In some embodiments, the preset time interval may be determined based on current power. In some embodiments, the processor may determine the preset time interval based on a corresponding relationship between different currents and different time intervals and the current power. The corresponding relationship between different currents and different time intervals may be preset based on prior knowledge or historical data. In some embodiments, the preset time interval is negatively correlated with the current power. The lower the current power, the longer the preset time interval.
By setting the preset time interval negatively correlated to the current power, energy consumption of the smart gas meter when executing steps 210-240 may be reduced, achieving the aim of power saving.
In step 210, the current power may be obtained by a power detection unit.
The power detection unit refers to a unit used to monitor the power of the smart gas meter. The power detection unit is deployed internally in the smart gas meter. For example, the power detection unit may be a Direct Current (DC) power sensor.
The current power refers to remaining power of the smart gas meter.
In some embodiments, at each preset time interval, the processor may obtain the current power of the smart gas meter through the power detection unit.
In step 220, gas base data of a preset time period is obtained from a built-in storage.
The built-in storage refers to a storage device configured in the smart gas object platform.

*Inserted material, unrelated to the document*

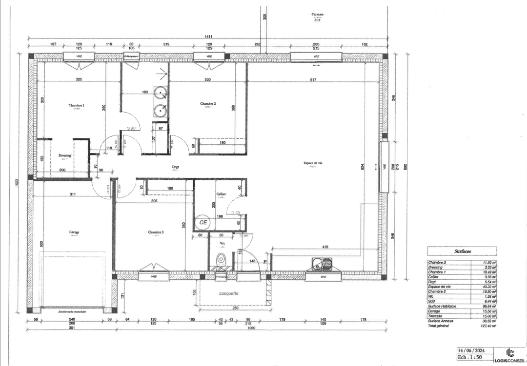 Pavillon neuf de 97m2 habitables sous décennale constructeur, d'une surface de plancher de 127m2, à la norme environnementale RE 2020, comprend une entrée avec casquette d'accueil, une pièce à vivre avec cuisine ouverte sur salon séjour de 43,32 M2 avec deux baies vitrées dont une donnant sur terrasse, un WC, un cellier, un dégagement, une salle d'eau avec WC de 6,44 M2 , une chambre de 10,49 M2 avec dressing de 3,03 M2 , deux chambres avec placards d'une surface de 11,90 et 10,80 M2 et un garage.

The preset time period refers to a predefined historical time period. In some embodiments, the preset time period may be a period of time prior to obtaining the current power. In some embodiments, the preset time period may be determined manually.
In some embodiments, the gas base data may include data such as gas usage data, gas consumption amount data, sound data, gas concentration data, gas temperature data, or the like. In some embodiments, the processor may retrieve the gas base data from the smart gas object platform.
The gas usage data refers to data related to gas usage, such as a gas usage frequency, a gas usage duration, etc. The gas usage data is obtained by the smart gas equipment management platform through interaction with a user terminal and is sent to the smart gas object platform.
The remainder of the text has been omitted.